Let us choose a fixed spherical coordinate system for $\mathbf{x}$ such that $\theta,\phi$ are the relevant spherical angles (and $r_x$ is the norm). In comparison, we will choose a relative spherical coordinate system for $\mathbf{y}$ such that its $z-$axis will always point towards $\mathbf{x}$: the relevant angles will then be $\gamma$ (angle between these vectors) and $\rho$ (and $r_y$ is the norm). In this coordinate system, we then have $$ \mathcal{I}=\sum\limits_{n=0}^{\infty}\int\limits_{0}^{R}r_x^2dr_x\int\limits_{0}^{R_1}r_y^2dr_y\int\limits_{0}^\pi\sin(\theta)d\theta\int\limits_{0}^{2\pi}d\phi\int\limits_{0}^\pi\sin(\gamma)d\gamma\int\limits_{0}^{2\pi}d\rho\frac{r_{<}^{n}}{r_{>}^{n+1}}P_n(\cos(\gamma)) $$ which is basically $$ \mathcal{I}=\sum\limits_{n=0}^{\infty}\left(\text{gamma independent terms}\right)\int\limits_{0}^\pi\sin(\gamma)P_n(\cos(\gamma))d\gamma $$
This integral is zero.

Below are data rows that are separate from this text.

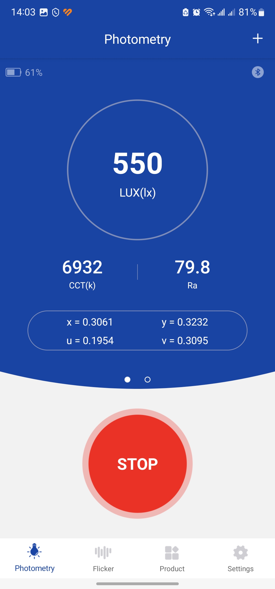 Пиковая яркость матрицы может достигать 1500 нит, по заявлению производителя. Измеренная яркость равняется 550 нит в обычном долговременном режиме. Мерцаний практически нет, и это хорошо — тип матрицы IPS.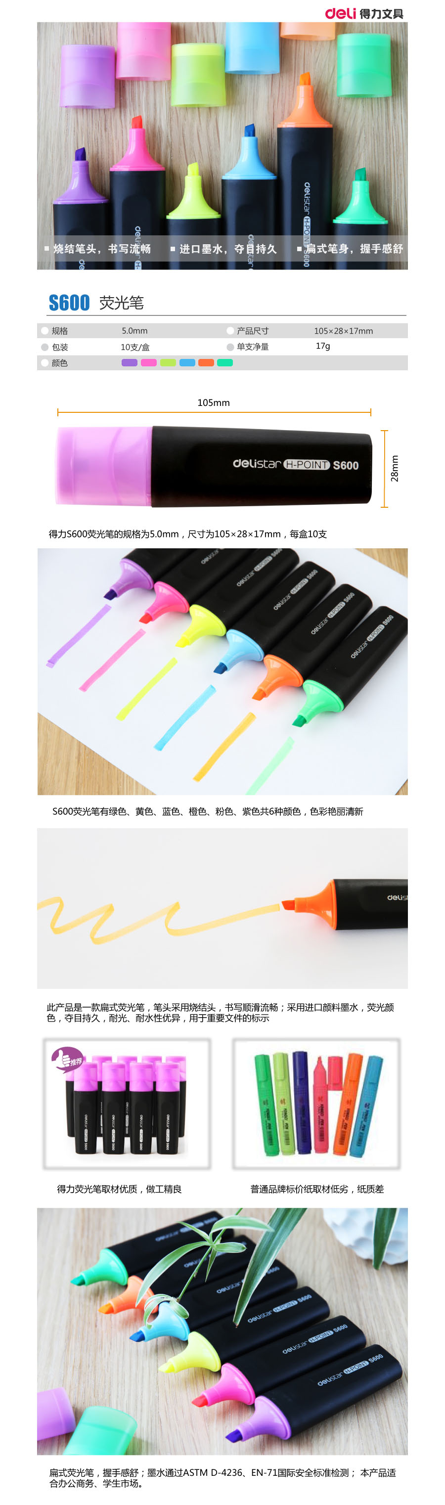 品名:得力 标记醒目荧光笔 黄色 S600 105*28*17mm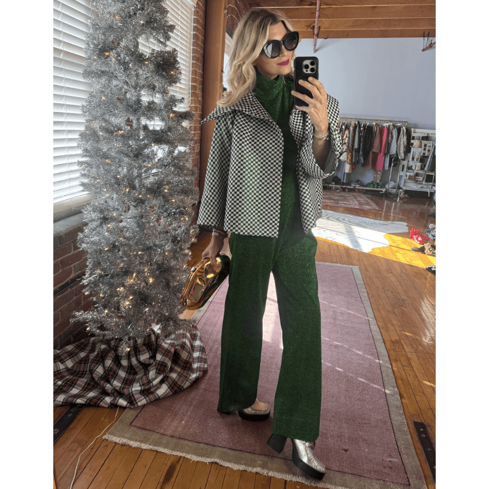 The Cropped Grace Coat makes a perfect topper for this matching green sparkle Trousers and Turtleneck. Pair with the statement-making silver Yves Loafers for a bold finish.
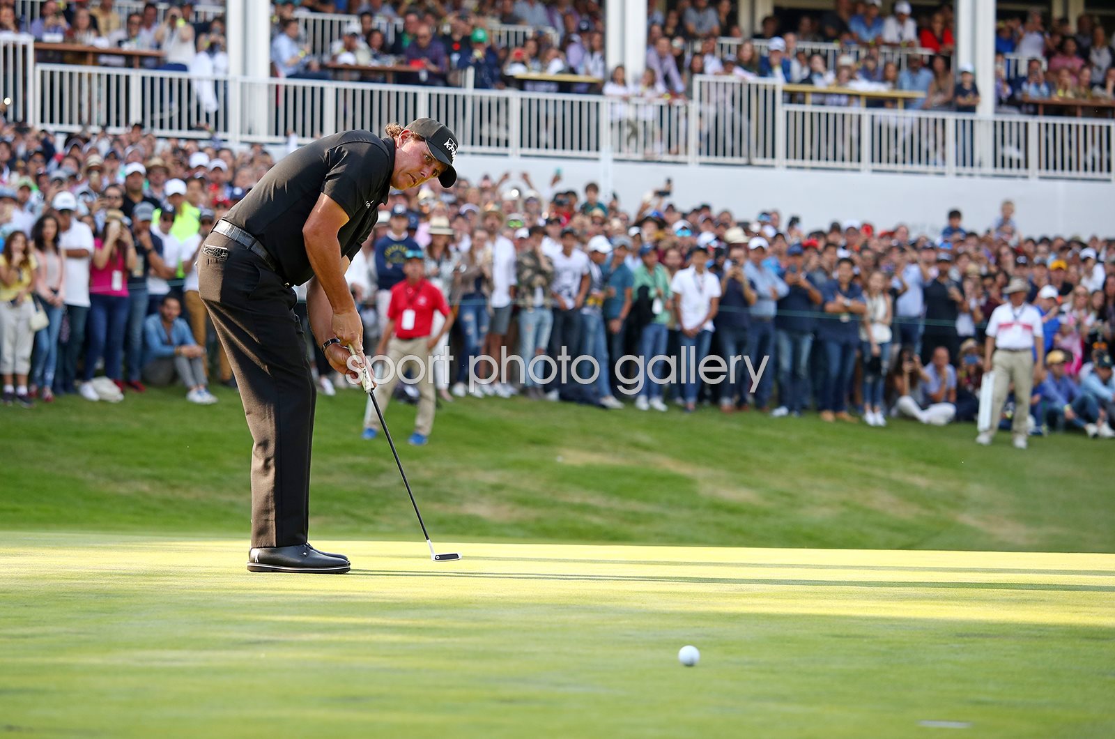 Phil Mickelson misses a putt on the 17th green during the final round of World Golf Championships-Mexico Championship at Club De Golf Chapultepec on March 4, 2018 in Mexico City, Mexico. (Photo by Gregory Shamus/Getty Images) Code: 927238700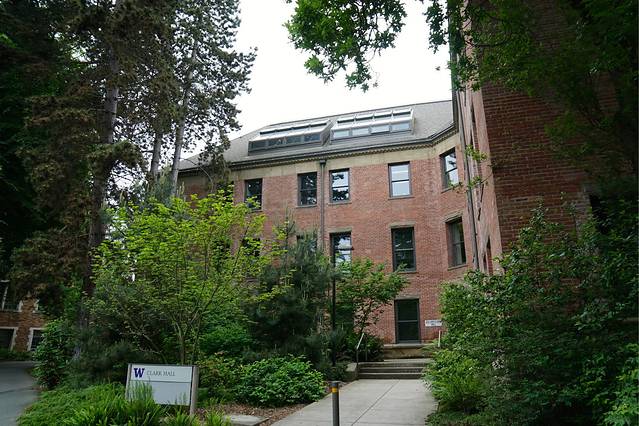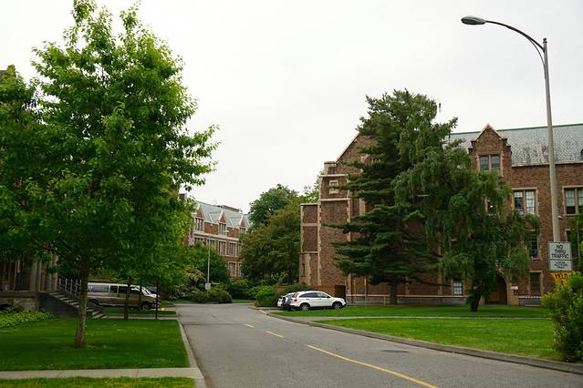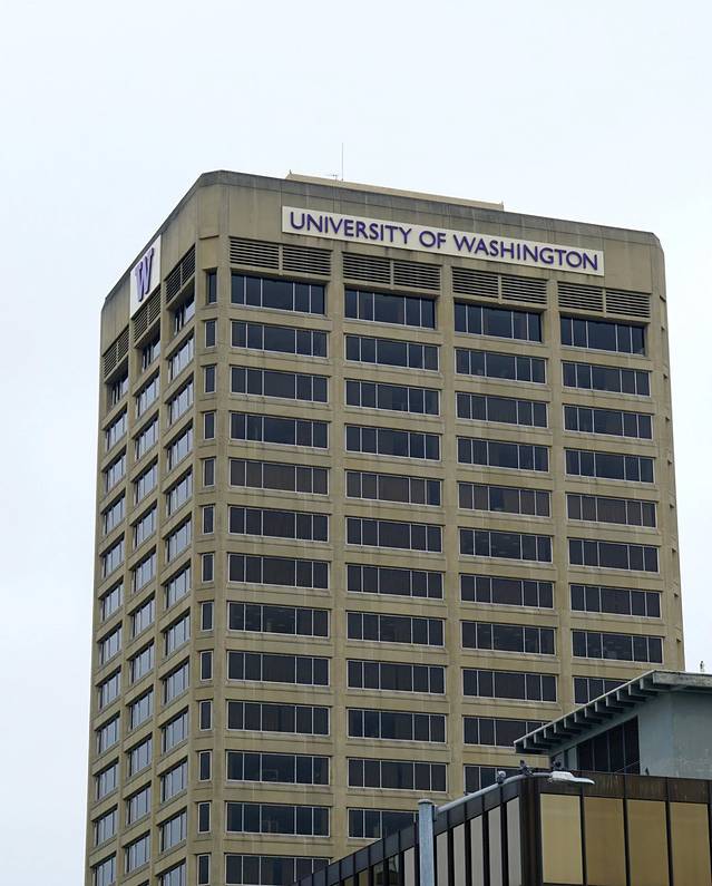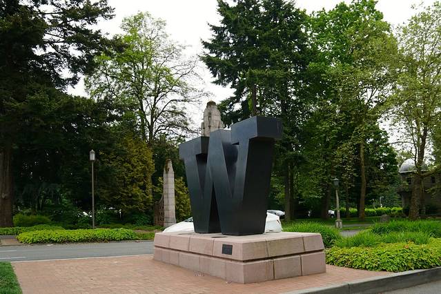 今天我们不打算走太远的路,就想在西雅图闲逛一下。在网上搜索到西雅图的大小景点很多,但大都不是我们的兴趣所在,也许海边的步道是个不过的选择,然而,微软附近的小肥羊火锅似乎比任何景点都更加吸引我们。睡到自然醒起来,我们就往小肥羊方向开,沿途经过了华盛顿大学,就顺便进去溜达了一圈,不知道是不是我们走了侧门,没有看到学校大门,只在一个入口看到“W”的雕塑。因为停车费太贵($15/车),我们只是在校园里开着车走马观花转了一圈。校园很安静,建筑古老而庄重,偶尔有学生骑车经过,极少遇到人。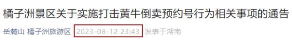 昨晚23點,橘子洲景區發布重要通告,為打擊黃牛倒賣預約號,橘子洲景區從即日起優化預約票務規則。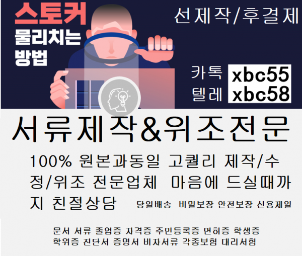 제작전문업체★톡상담xbc55▲텔레xbc58 #각종대리시험#면허증위조#성적표위조#신분증제작#대리시험#통장제작#주민등록증제작#은행거래내역서위조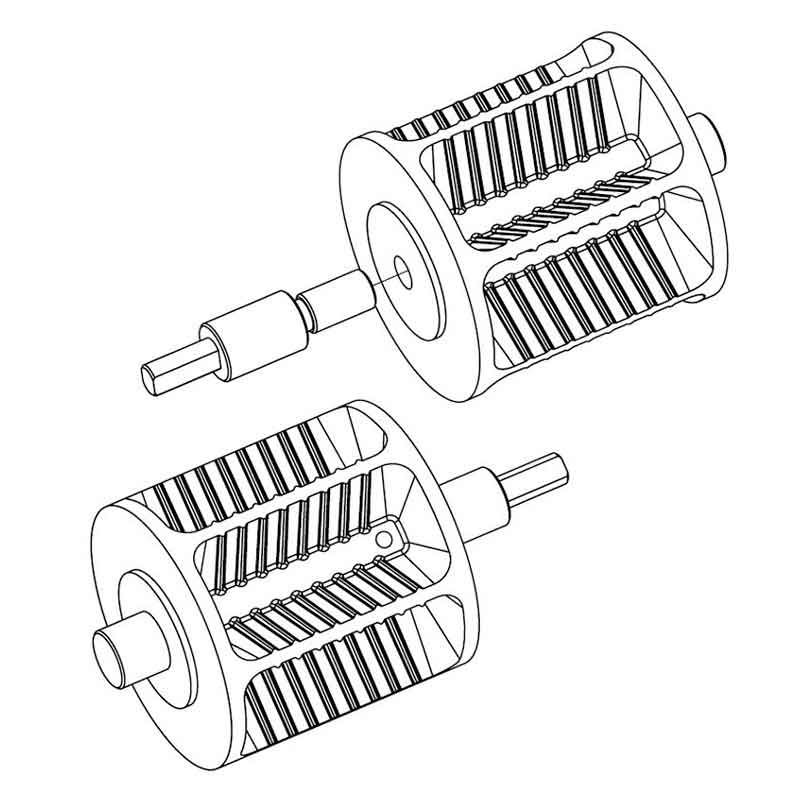 Cargador rotor-estrella para carga de pellet, el sinfín cilíndrico dispone de 6 estrías moleteadas, el moleteado está diseñado para cortar cualquier viruta de pellet y evitar bloqueos.

You can also check it explicitly for various $n$, or directly using Mathematica as well:
FullSimplify[Integrate[Sin[\[Gamma]] LegendreP[n, Cos[\[Gamma]]], {\[Gamma], 0, Pi}, Assumptions -> Element[n, NonNegativeIntegers]], Assumptions -> Element[n, NonNegativeIntegers]]
Therefore, the given integral $\mathcal{I}$ is zero.